• Assignment:
Output the entries as they appear, skipping images.

[Data supplied Boundary: Start]

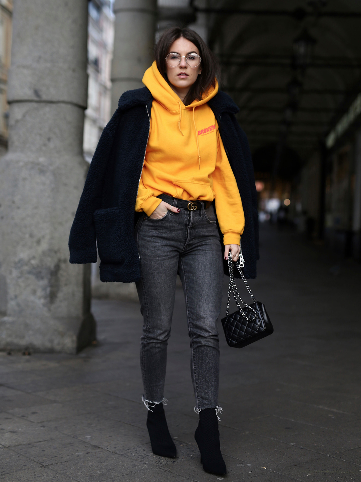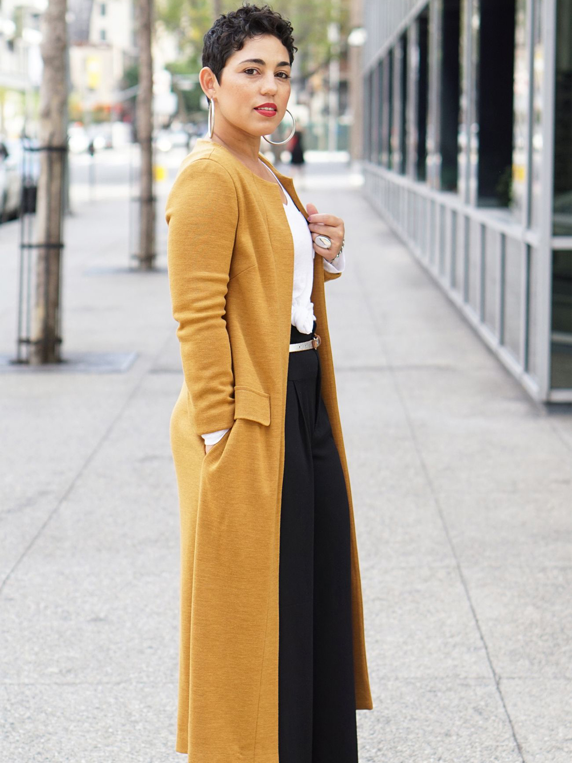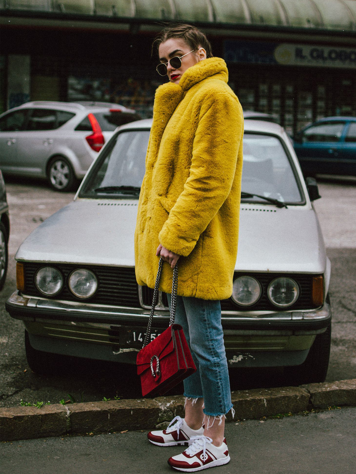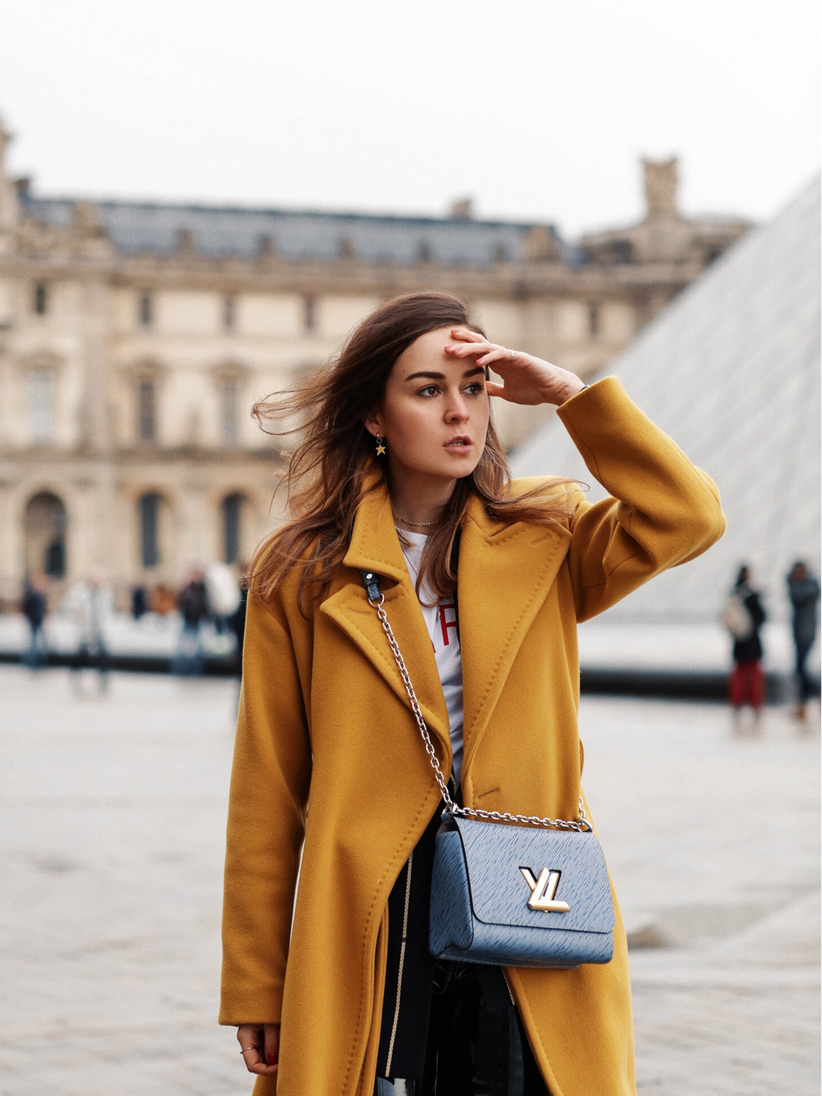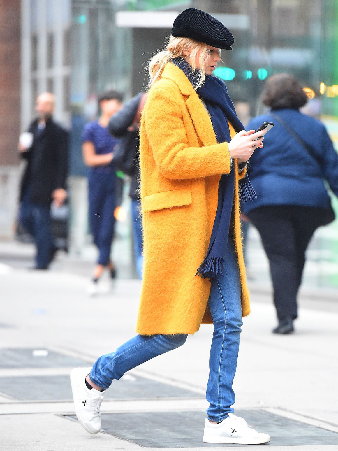 Я обожаю желтое пальто в сочетании с черной сумкой и сапоги на каблуке)
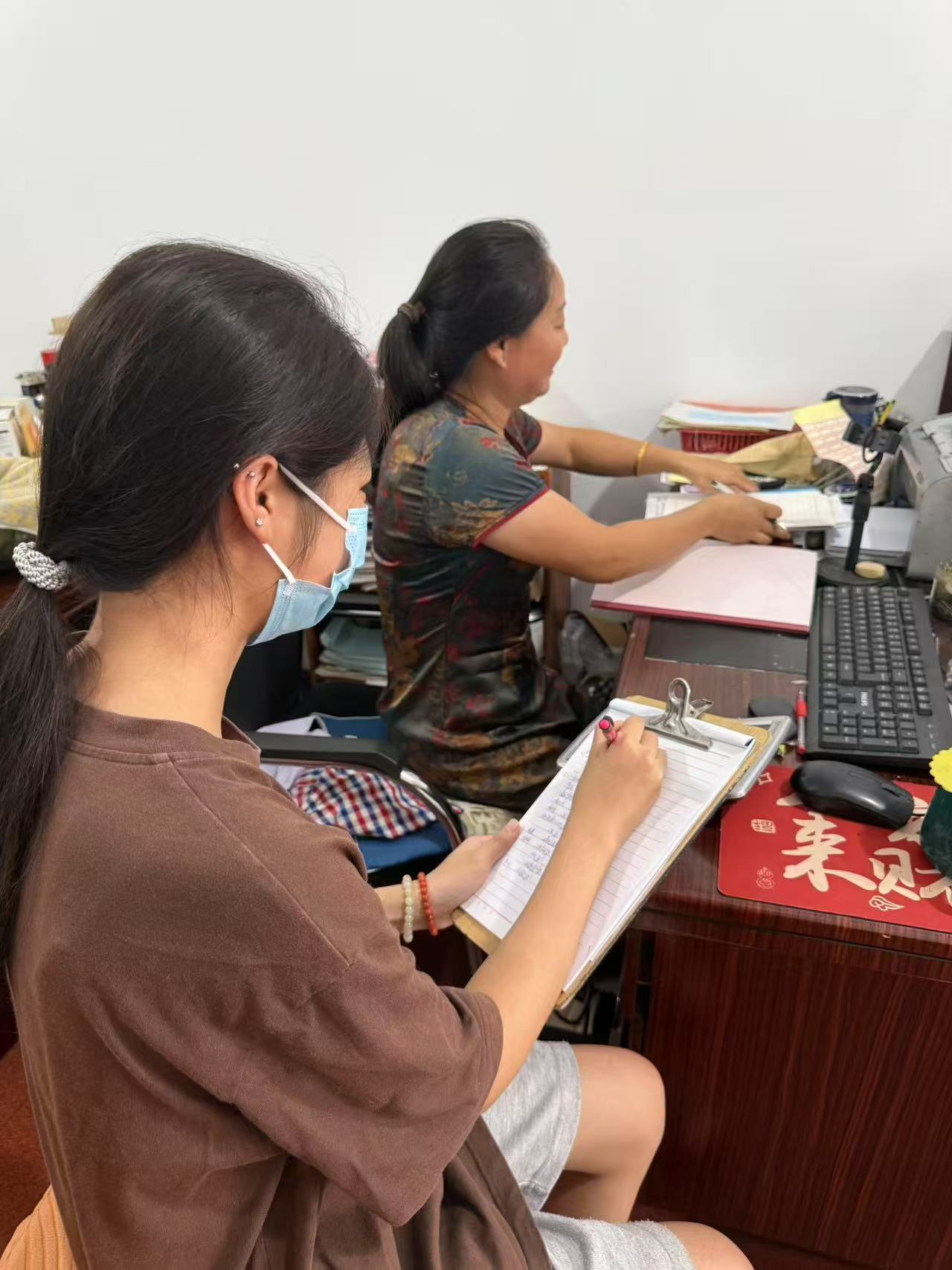图为团队成员向李阿姨调查染布技术 陈玥 供图
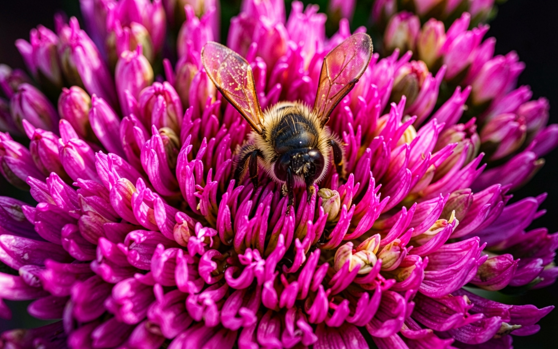 Медоносная пчела на ярко-розовом цветке клевера обои
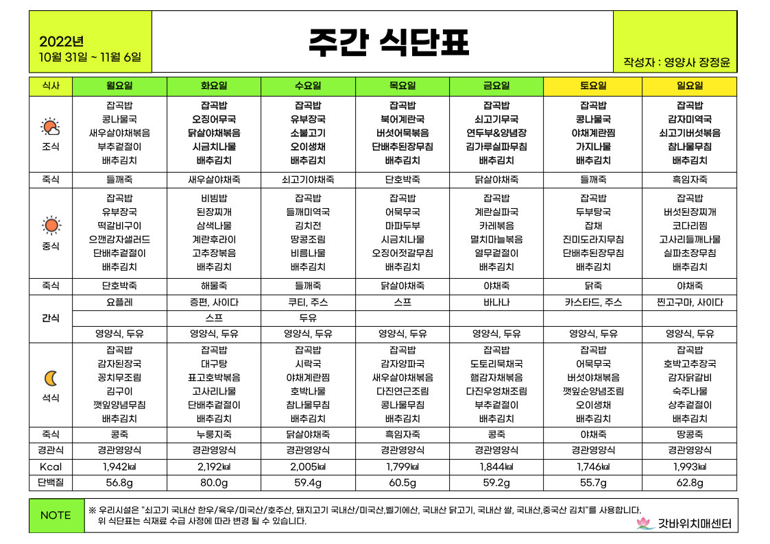 2022년 11월 첫째주 식단표 작성자감천복지재단|작성시간22.10.28|조회수19 목록 댓글 0 글자크기 작게가 글자크기 크게가 ※ 사진을 클릭하시면 더 큰 사이즈로 보실 수 있습니다. 다음검색 현재 게시글 추가 기능 열기 북마크 공유하기 신고 센터로 신고 댓글 댓글 0 댓글쓰기 답글쓰기 댓글 리스트
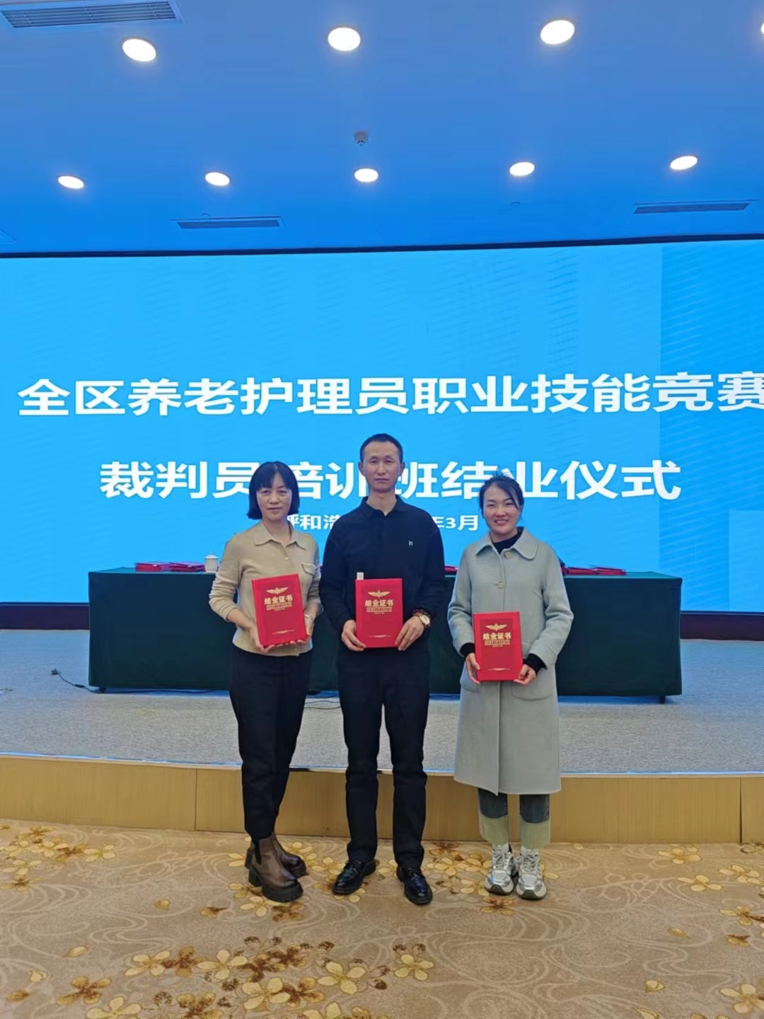 近日,首届内蒙古自治区民政行业职业技能大赛在呼和浩特举行。阿职院医护系选派的青年教师杨瑞霞经过多轮培训和层层严格考核,获得“全区民政行业职业技能大赛裁判员资格”并受邀为大赛养老护理赛项执裁。
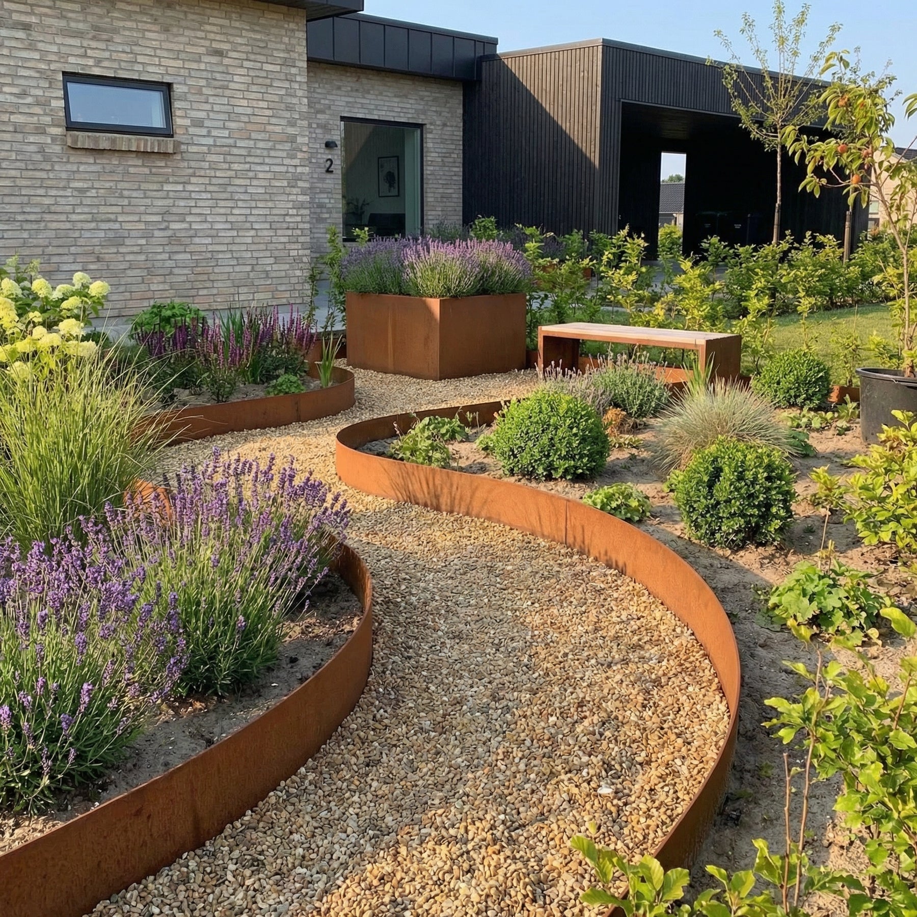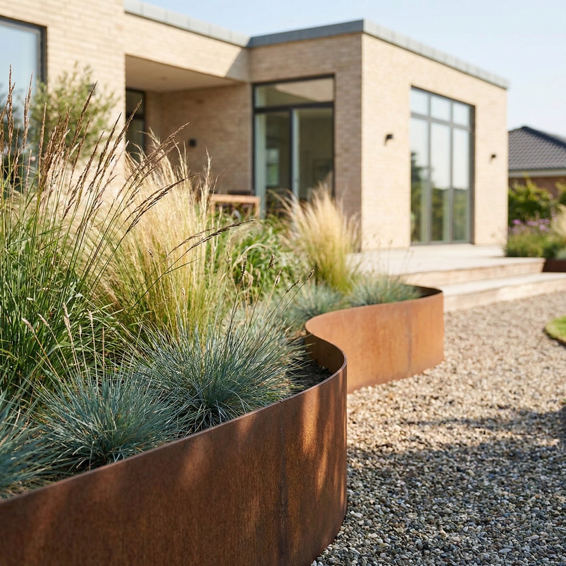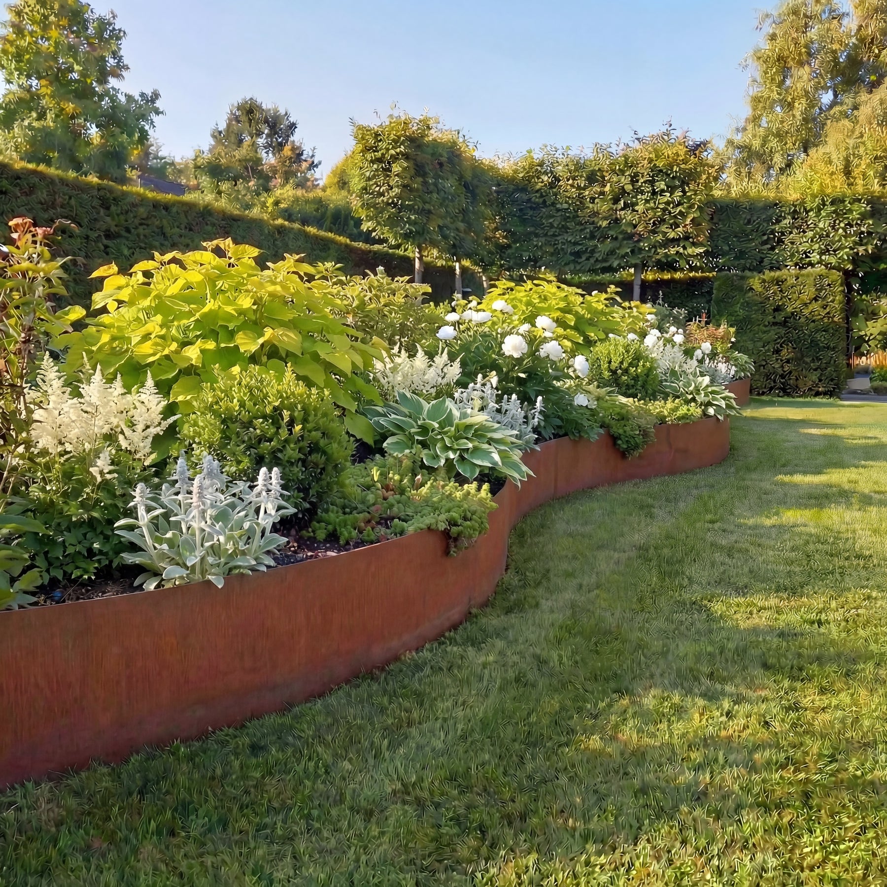 2 mm cortenstål er ideelt, hvis du ønsker organiske, buede former i din have. Det er let at arbejde med, men stadig stabilt nok til at skabe smukke rette linjer. Til meget lang og lige stræk anbefaler vi dog vores bedafgrænsninger i 3 mm cortenstål.

[Data supplied Boundary: End]

• Exercise response:
 Я обожаю желтое пальто в сочетании с черной сумкой и сапоги на каблуке)
图为团队成员向李阿姨调查染布技术 陈玥 供图
 Медоносная пчела на ярко-розовом цветке клевера обои
 2022년 11월 첫째주 식단표 작성자감천복지재단|작성시간22.10.28|조회수19 목록 댓글 0 글자크기 작게가 글자크기 크게가 ※ 사진을 클릭하시면 더 큰 사이즈로 보실 수 있습니다. 다음검색 현재 게시글 추가 기능 열기 북마크 공유하기 신고 센터로 신고 댓글 댓글 0 댓글쓰기 답글쓰기 댓글 리스트
 近日,首届内蒙古自治区民政行业职业技能大赛在呼和浩特举行。阿职院医护系选派的青年教师杨瑞霞经过多轮培训和层层严格考核,获得“全区民政行业职业技能大赛裁判员资格”并受邀为大赛养老护理赛项执裁。
 2 mm cortenstål er ideelt, hvis du ønsker organiske, buede former i din have. Det er let at arbejde med, men stadig stabilt nok til at skabe smukke rette linjer. Til meget lang og lige stræk anbefaler vi dog vores bedafgrænsninger i 3 mm cortenstål.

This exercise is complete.